RAND Corporation, sebuah lembaga penelitian dan
pengembangan swasta terkemuka di AS, melalui sejumlah
penelitian dan pengkajian menyimpulkan bahwa setiap
tindakan kaum terorris adalah tindakan kriminal.
Definisi konsepsi pemahaman lainnya menyatakah
bahwa :
(1)   terorisme bukan bagian dari tindakan perang, sehingga
seyogyanya tetap dianggap sebagai tindakan kriminal, juga
situasi diberlakukannya hukum perang
(2)   sasaran sipil merupakan sasaran utama terorisme, dan
dengan demikian penyerangan terhadap sasaran militer tidak
dapat dikategorikan sebagai tindakan terorisme
(3)   meskipun dimensi politik aksi teroris tidak boleh dinilai,
aksi terorisme itu dapat saja mengklaim tuntutanan bersifat
politis
a.      Ciri-ciri terorisme
Menurut beberapa literatur dan reference termasuk surat
kabar dapat disimpulkan bahwa ciri-ciri terorisme adalah :
1.      Organisasi yang baik, berdisiplin tinggi & militant
2.      Mempunyai tujuan politik, ideologi tetapi melakukan
kejahatan kriminal untuk mencapai tujuan.
3.      Tidak mengindahkan norma-norma universal yang berlaku,
seperti agama, hukum dan HAM.
4.      Memilih sasaran yang menimbulkan efek psikologis yang
tinggi untuk menimbulkan rasa takut dan mendapatkan
publikasi yang luas.
5.      Menggunakan cara-cara antara lain seperti : pengeboman,
penculikan, penyanderaan, pembajakan dan sebagainya yang
dapat menarik perhatian massa/publik.
Yon seorang Koordinator Bidang Kajian, Publikasi, dan
Penelitian Pusat Kajian Timur Tengah dan Islam Universitas
Indonesia itu menjelaskan, secara umum pelaku terorisme,
termasuk pelaku bom bunuh diri, berdasarkan motivasi dapat
dibedakan dalam empat kategori.
Kategori pertama, berkaitan dengan ideologi dan
keyakinan, yakni kelompok teroris yang dimotivasi oleh
ajaran agama biasanya dididik dalam lembaga-lembaga
pendidikan keagamaan dalam waktu yang lama dan
dipersiapkan untuk aktifitas terorisme.
"Kelompok ini biasanya memiliki ciri-ciri keagamaan
tertentu.

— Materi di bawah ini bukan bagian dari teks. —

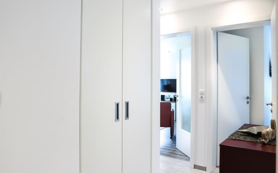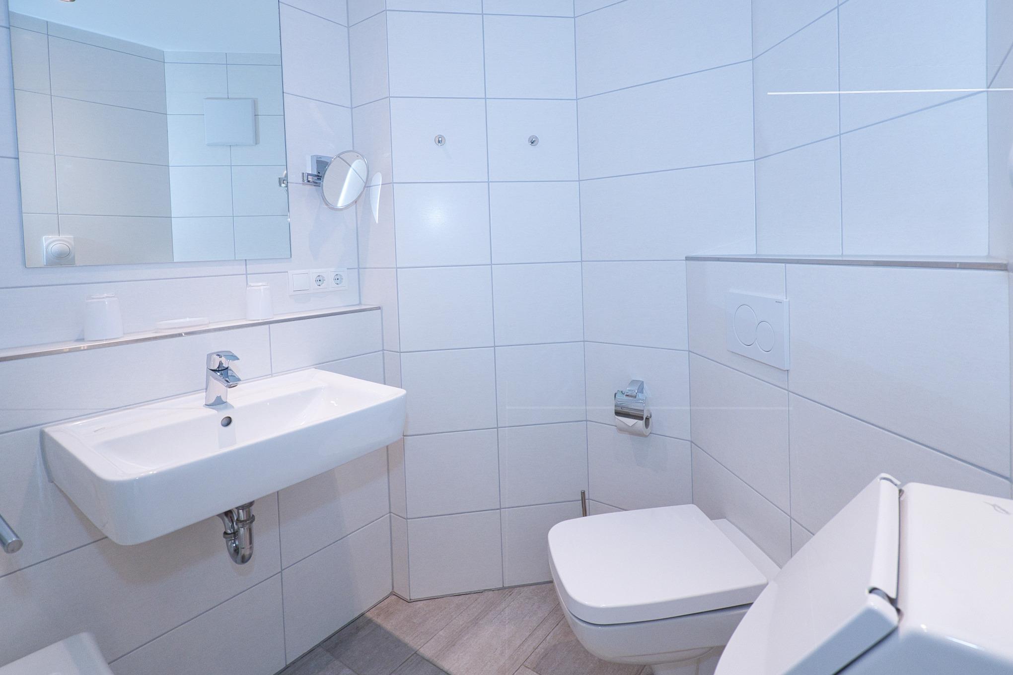 Das Badezimmer verfügt über eine Dusche, ein WC und ein Urinal. Ein ebenerdiger Doppelgaragenstellplatz mit großzügigen Maßen von 2,75 m Breite und 190 cm Höhe gehört zur Wohnung. Des Weiteren stehen Ihnen ein abschließbarer Fahrradabstellplatz im Keller sowie weitere im Außenbereich zur Verfügung.

Melihat trend pengeboman di Indonesia pada
dasawarsa terakhir ini dapat disimpulkan bahwa terorisme
dengan motivasi ajaran agama secara murni hampir dipastikan
telah hilang.
Hal itu, lanjutnya, karena komunitas agama di Indonesia
tidak menolerir segala bentuk aksi terorisme. Bahkan
kelompok-kelompok yang dianggap keras sekalipun, seperti
Ustaz Abu Bakar Baasyir dan Majelis Mujahidin Indonesia
(MMI), secara tegas menolak cara-cara yang dilakukan
kelompok Noordin M Top.
Kategori kedua, kelompok yang tereksploitasi.

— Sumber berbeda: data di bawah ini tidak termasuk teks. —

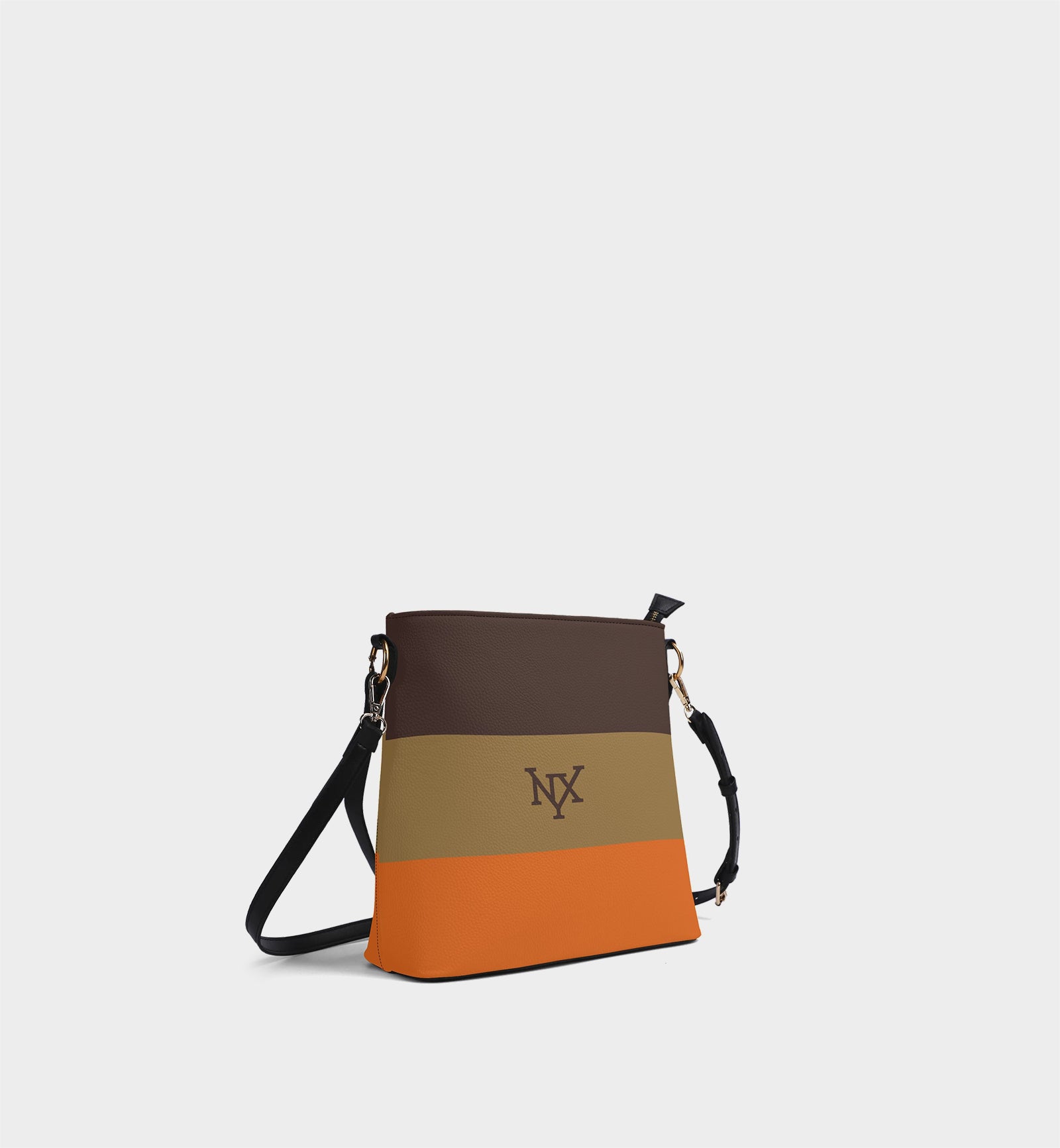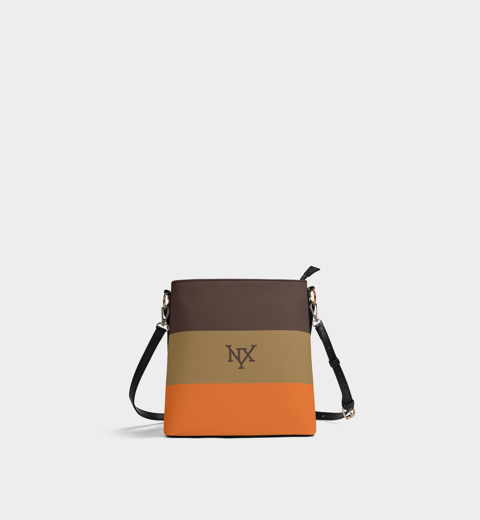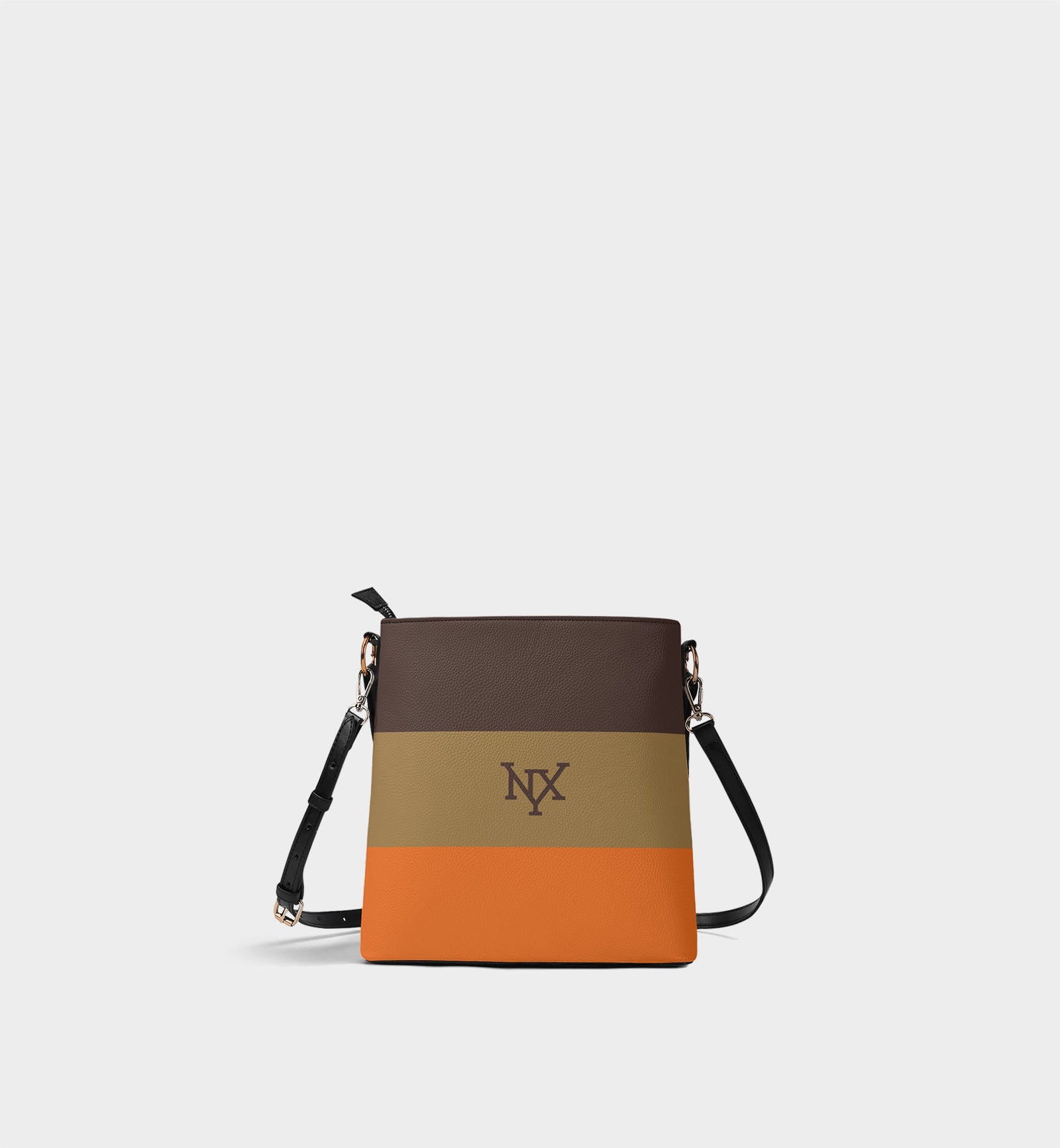 NXY Tri-Color Bucket Bag (Brown/Olive/Orange)

Kelompok inilah yang mendominasi aksi-aksi terorisme di
Indonesia.
Walaupun pelaku mendapatkan indoktrinasi dan sekaligus
proyeknya dari anggota dalam jaringan teroris di Indonesia,
tetapi sebagian besar tidak mengenal dengan baik orang telah
mencuci otaknya (brainwashing),
mereka yang dapat dieksploitasi menjadi suicide bombers
(pelaku bom bunuh diri) adalah yang memiliki perasaan
bersalah atau merasa hidupnya tak bermakna.
Sebagian besar dari mereka berasal dari segmen pemuda
yang bermasalah secara psikologis dan sosial, serta bukan
berasal dari kelompok religius.
"Ciri-cirinya pun berbeda dengan kategori pertama. Mereka
tidak direkrut di masjid tetapi di jalan. Tentu mengeksploitasi
segmen masyarakat seperti ini sangat mudah dan inilah yang
menjadi fenomena terorisme di Indonesia," ujarnya.

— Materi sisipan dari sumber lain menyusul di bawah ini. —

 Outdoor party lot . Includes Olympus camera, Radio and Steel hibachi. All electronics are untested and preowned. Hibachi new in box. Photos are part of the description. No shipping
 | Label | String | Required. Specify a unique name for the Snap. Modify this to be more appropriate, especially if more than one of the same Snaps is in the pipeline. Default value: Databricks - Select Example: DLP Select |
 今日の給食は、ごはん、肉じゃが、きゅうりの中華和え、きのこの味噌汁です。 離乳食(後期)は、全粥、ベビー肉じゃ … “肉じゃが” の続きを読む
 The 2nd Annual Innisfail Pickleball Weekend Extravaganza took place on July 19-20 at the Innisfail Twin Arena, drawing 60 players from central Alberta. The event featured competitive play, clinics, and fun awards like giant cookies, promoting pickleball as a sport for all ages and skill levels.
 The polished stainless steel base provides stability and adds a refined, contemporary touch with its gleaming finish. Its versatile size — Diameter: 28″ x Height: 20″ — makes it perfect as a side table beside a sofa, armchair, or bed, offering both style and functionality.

Kategori ketiga, dimotivasi oleh balas dendam atas
kekerasan oleh rezim Orde Baru terhadap anggota keluarga
mereka, Kelompok ini dapat berasal dari keluarga Darul Islam
(DI). Hanya saja untuk saat ini tentu sangat susah
mendapatkan keluarga DI yang masih mengalami trauma
kekerasan yang diterima oleh keluarga mereka.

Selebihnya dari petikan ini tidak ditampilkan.